3 de outubro de 2024
Adriano de Aquino Colunistas

O que não faz o amor…

Dias atrás fui jantar com um velho amigo macrobiótico. Há muito tempo não nos encontrávamos pessoalmente.

O encontro só aconteceu depois de uma longa negociação por telefone e WhatsApp para que o jantar fosse em campo neutro.

Eu não queria que fosse na casa dele. Tinha meus motivos para isso. Meu velho amigo foi o primeiro macrobiótico, zen budista do Rio de Janeiro. Ir na sua casa em Santa Tereza era como ir a um templo no Japão. Tinha poucos móveis.

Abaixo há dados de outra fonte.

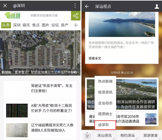 @深圳本質是手機網站,可嵌入在微信公眾號底部菜單欄中(也可嵌入APP客戶端中),且其采用了最新H5編碼技術,可左劃右劃更換頻道,也可上劃下劃翻看內容,
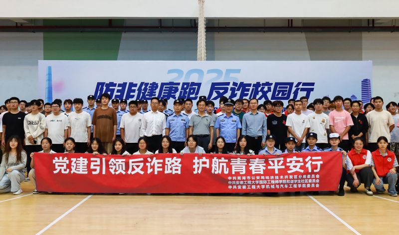 为切实提高校区学生反诈意识,营造全民反诈的校园氛围,9月24日,由芜湖市公安局经开分局主办,共青团芜湖市委员会、校区管委会、机械与汽车工程学院等单位联合承办的“防非健康跑 反诈校园行”反诈宣传活动在国际工程师学院校区风雨操场开展。

Éramos orientados a deixar os sapatos na soleira da porta para adentrar o amplo recinto.O piso da casa era todo coberto por tatames e o ambiente, impregnado por décadas pelo cheiro de incensos misturado ao do missô, tempero oriental que ele usava para todos os pratos que preparava na nossa frente, em seu kimono samurai, descrevendo os benefícios para saúde de cada vegetal que colocava no platô quente, os mexendo com gestos pausados que lembravam movimentos de um mestre shiatzu. Era um show à parte que despertava o encanto das meninas e a diversão dos amigos. Era tudo impecável, muito bem encenado.

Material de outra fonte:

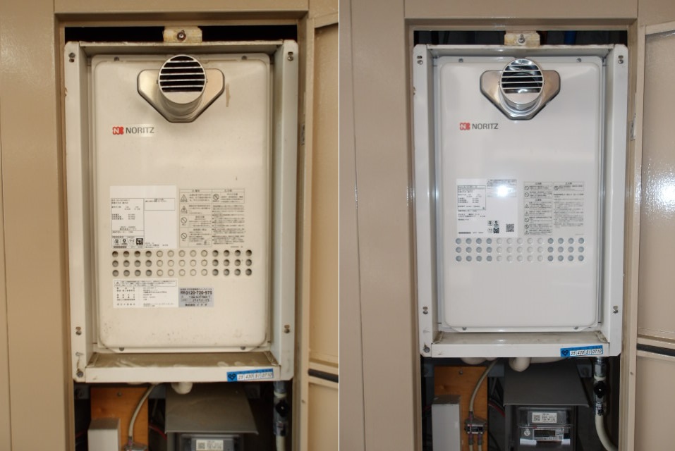 西宮市でガス給湯器の取替工事をさせていただきました。お客様より「お湯を出してもリモコンの燃焼ランプがついたり消えたりして使えませんので一度見てください」とご連絡をいただき訪問いたしました。

Rigorosamente disciplinado.


Muito antes dos decretos oficiais politicamente corretos em prol da saúde da humanidade, no seu templo já era proibido fumar cigarro, charuto ou derivados do tabaco. Maconha podia.

A bebida ofertada pela casa era saquê. Quem já tomou um porre de saquê, sabe o que é um trauma oriental. Se sobreviver, no dia seguinte terá que recorrer aos discípulos do Dr Freud para se ver livre dos pesadelos com dragões e ninjas ameaçadores.

Esse amigo nasceu na metade do século passado em Alcântaras, município do Ceará. Veio jovem para o Rio para estudar Física. Para nossa turma ele era a confirmação inequívoca de que um dia o Ceará governará o Brasil e logo depois o mundo todo.

Como não sou um anfitrião qualificado, o jantar não poderia ser na minha casa.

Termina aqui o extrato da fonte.